56 Ill. App. 364 | Ill. App. Ct. | 1894
delivered the opinion op the Court.
This suit was brought to recover for injuries sustained by appellee while a passenger on an electric street car which, while moving at a rapid rate of speed upon a down grade and around a curve, left the track and was precipitated over a high embankment. There was a recovery for $8,000.
Appellant brings the record here by appeal and contends for a reversal of the judgment because the verdict is not supported by the evidence; because the court improperly allowed certain testimony introduced by the plaintiff to go to the jury, and refused certain testimony proper for the defendant; because of improper remarks by counsel for the plaintiff in his closing speech to the jury; because the court instructed the jury orally, and because the damages awarded are excessive.
It was claimed by the plaintiff in her declaration and upon the trial that the accident was caused by the spreading of the rails, want of elevation of the outside rail and the rapid speed of the car. She introduced evidence tending to prove such causes. The defendant introduced contrary proof upon those points, and sought to establish that the accident was due to a stone getting upon one of the rails and throwing the car from the track, for which it was not responsible.
About the place where the accident occurred there was a change in the kind of rail used, the south part of the track being “ T ” rail and the north part flat rail. The car in which the plaintiff took passage was going north. Witnesses for her swore to finding marks on the “T” rail south of the junction, showing that the car left on that rail and ran along on top of the rail some distance and went over the embankment sixty or seventy feet beyond. Witnesses for the defendant swore-to finding a mark on the flat rail north of the junction, showing that the car left on that rail. They also swore to finding the remains of a small crushed stone, indicating that the accident was caused by the car wheel striking it. Witnesses for plaintiff swore that the outside rail was not elevated, and that the rails were farther apart than the standard gauge used.
Defendant’s witnesses deny this, and it is claimed they are more reliable, because they measured with a standard iron gauge, while the plaintiff’s witnesses measured with a tape line and estimated the elevation from the eye. The measurements and elevations taken by defendant’s witnesses were taken just before the trial, and there was some conflict as to whether there had been any changes made after the accident more than merely “ shimming ” up the rail a little with wedges, notwithstanding the conflict it is made clear that the part of the track where the accident occurred was a dangerous place and required great care on the part of employes operating cars. The evidence satisfies us that the car was moving at a reckless rate of speed at the time it left the track. Some of the plaintiff’s witnesses fixed the • rate at twenty miles per hour, while the conductor and motorneer fixed it at six. Of course, it is difficult to estimate with accuracy the speed of a rapidly moving electric car, but it does not seem there could be an honest difference of fourteen miles per hour. The evidence is uncontradicted that the car was rocking and pitching at a fearful rate, indicating that its speed was rapid.

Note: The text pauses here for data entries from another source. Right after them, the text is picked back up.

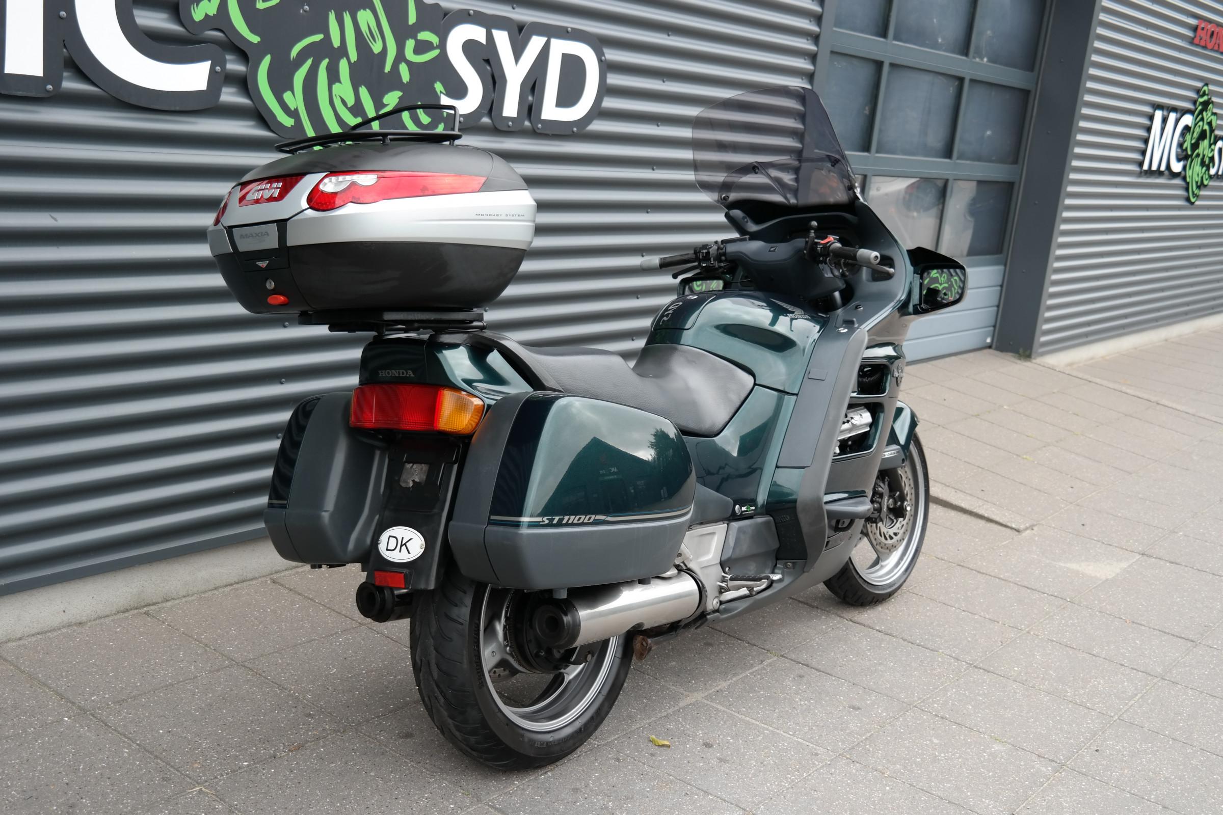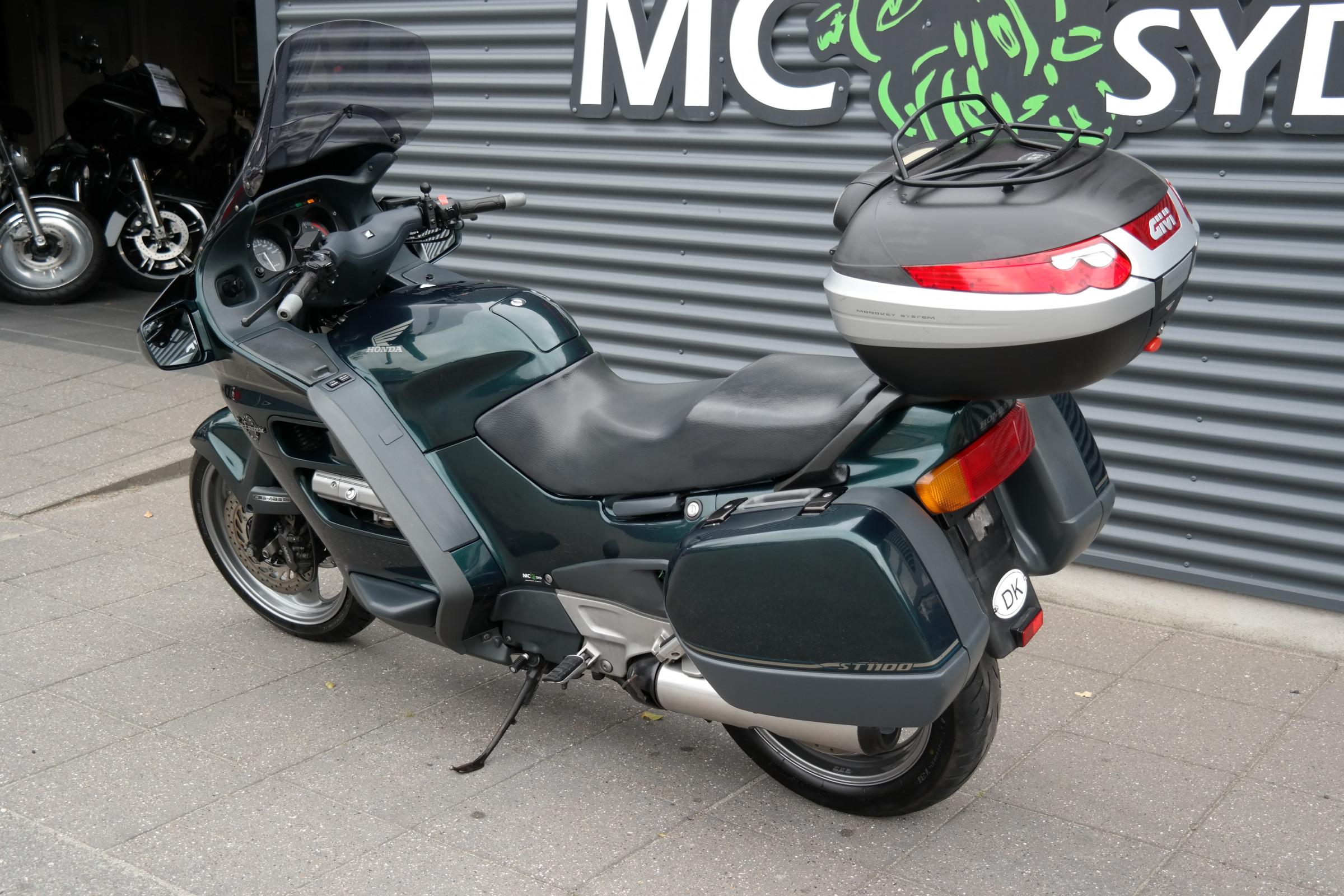 Touring, 1100 ccm, Farve: Grønmetal, Registreret første gang: 6/1998, Sidste syn: 6/2015, Meget velholdt ST 1100 med ABS bremser. her er mulighed for at få fingrene i en af de sidste årgange 1100 Pan European. som oven i købet står i utrolig flot stand. Husk vi bytter meget gerne. Vi hjælper også gerne med en god og billig finansiering, Både med og uden udbetaling. Husk vi har Sydjyllands største udvalg i nye/brugte motorcykler altid i nærheden af 500stk. på lager., ABS bremser, TCS (traction control), fuldkåbe, sidetasker, topboks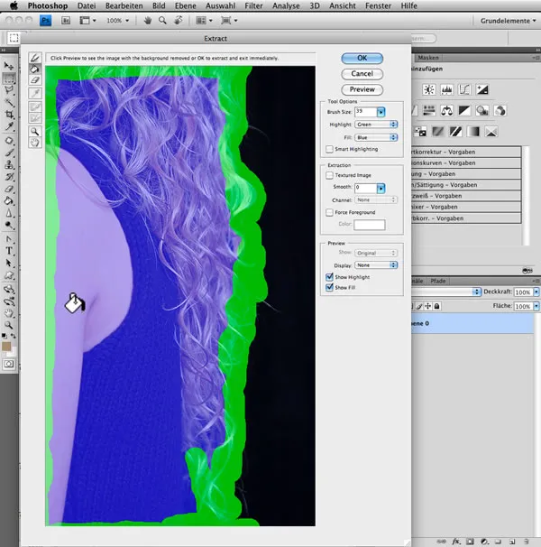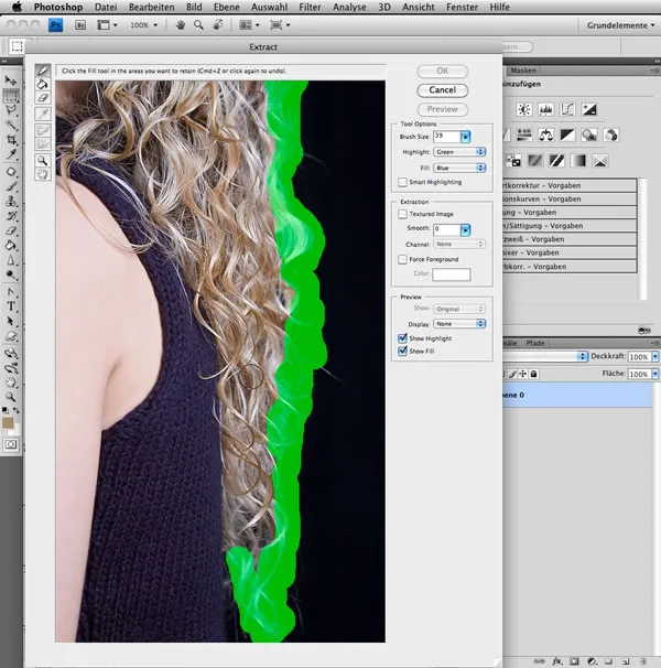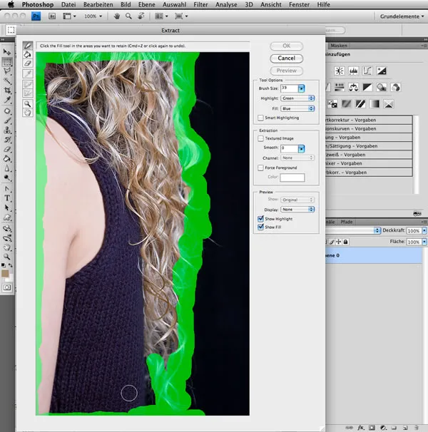 Wir bekommen ein neues Bearbeitungsfenster. Hier überpinseln wir mit dem Kantenmarker die Haarkante. Die markierten Stellen werden grün angezeigt.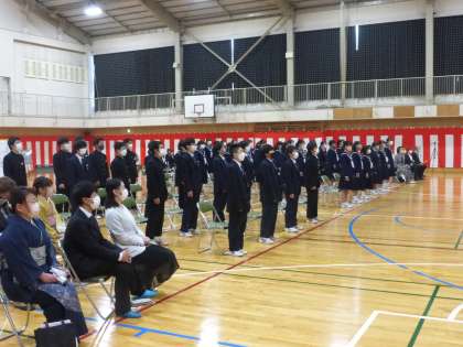 国歌斉唱と校歌斉唱です。昨年度は許されなかった歌うことが,今年度はできます。マスクは着用していますが,心のこもった声がよく聞こえてきます。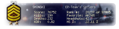 Kills | 190 | Deaths | 232 | Kill / Death | 0.82 |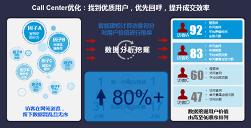 轉(zhuǎn)化率是衡量一個平臺優(yōu)質(zhì)與否的最直接的指標(biāo),因此對平臺用戶轉(zhuǎn)化的優(yōu)化成為整個UEO的重中之重。一方面,我們需要對用戶轉(zhuǎn)化的整個流程進(jìn)行優(yōu)化。針對線上就可成交的平臺,我們首先需要運(yùn)用“路徑轉(zhuǎn)化漏斗圖”識別和分析每一步的流失,發(fā)現(xiàn)泄漏點(diǎn),并通過多維度自由剖析,分析泄露原因,查缺補(bǔ)漏,更好促成線上交易。而針對線上線下結(jié)合成交的平臺,則要利用高關(guān)注度區(qū)域引導(dǎo)用戶進(jìn)行留資,并通過建立品牌知識庫提高溝通滿意度,找到優(yōu)質(zhì)用戶優(yōu)化Call Center,提升線下成交效率。國雙助力某汽車客戶建立訪客分級模型,優(yōu)先回呼優(yōu)質(zhì)用戶,從而將成交效率提升了80%。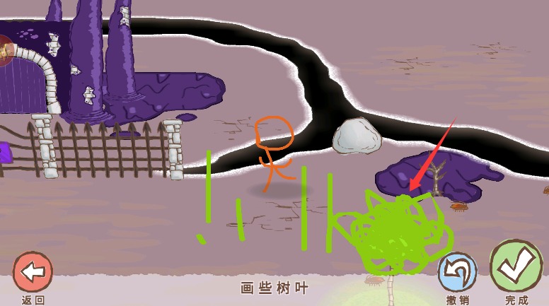 2.向右方向前进,避免靠近蓝紫色的岩浆,到达如图所示的位置后,用下方的树叶画笔在三个干枯的树枝上画树叶即可通过岩浆。

The plaintiff was without fault. She was a passenger for hire, entitled to be safely transported, and the presumption is that the overturning of the car resulted from the defective condition of the track or the mismanagement of the car, or both combined, and the onus was upon the company to show that the accident resulted from, a cause for which it was not responsible. P. C. & St. L. R. R. Co. v. Thompson, 56 Ill. 138; P. P. & J. R. R. Co. v. Reynolds, 88 Ill. 418; Eagle Packet Co. v. Defries, 94 Ill. 598.
The jury were of the opinion that the accident was caused by the bad condition of the track coupled with the speed of the train.
The objection to certain rulings of the court on the admission of evidence are rather unimportant. It is difficult for us to see how the admission of that denied or the exclusion of that complained of could have altered the result.
The defendant submitted for special findings ten interrogatories, which were by counsel for plaintiff read to the jury, and commented on, he giving his idea as to how they should be answered. To the action of plaintiff’s counsel in so doing the defendant objected, but the court overruled the objection and held that counsel had the right to read the interrogatories to the jury and explain to them his idea as to how they should be decided.
This, it is claimed, was reversible error. What was said by counsel does not appear in the bill of exceptions, and we can not, therefore, determine whether the remarks were harmful. Such a practice, however, should not receive the countenance of the court, because of the abuses which it would evidently lead to.
The statement made by counsel in his closing speech that the law relating to special findings was procured by the efforts of corporations and corporation lobbyists in the legislature was entirely improper. It was met, however, by a prompt rebuke from the court.
When the court read the interrogatories to the jury he told them orally that their answers to them should be consistent with their general verdict. To such oral statement defendant excepted. The giving of such oral direction was erroneous. Oral instructions to the jury are inhibited by statute. The agreement for the court to instruct orally was confined to the form of the general verdict, as appears from the bill of exceptions.
We do not think the direction would have been correct, even if embodied in the form of a written instruction.
The judgment should be reversed and the cause remanded.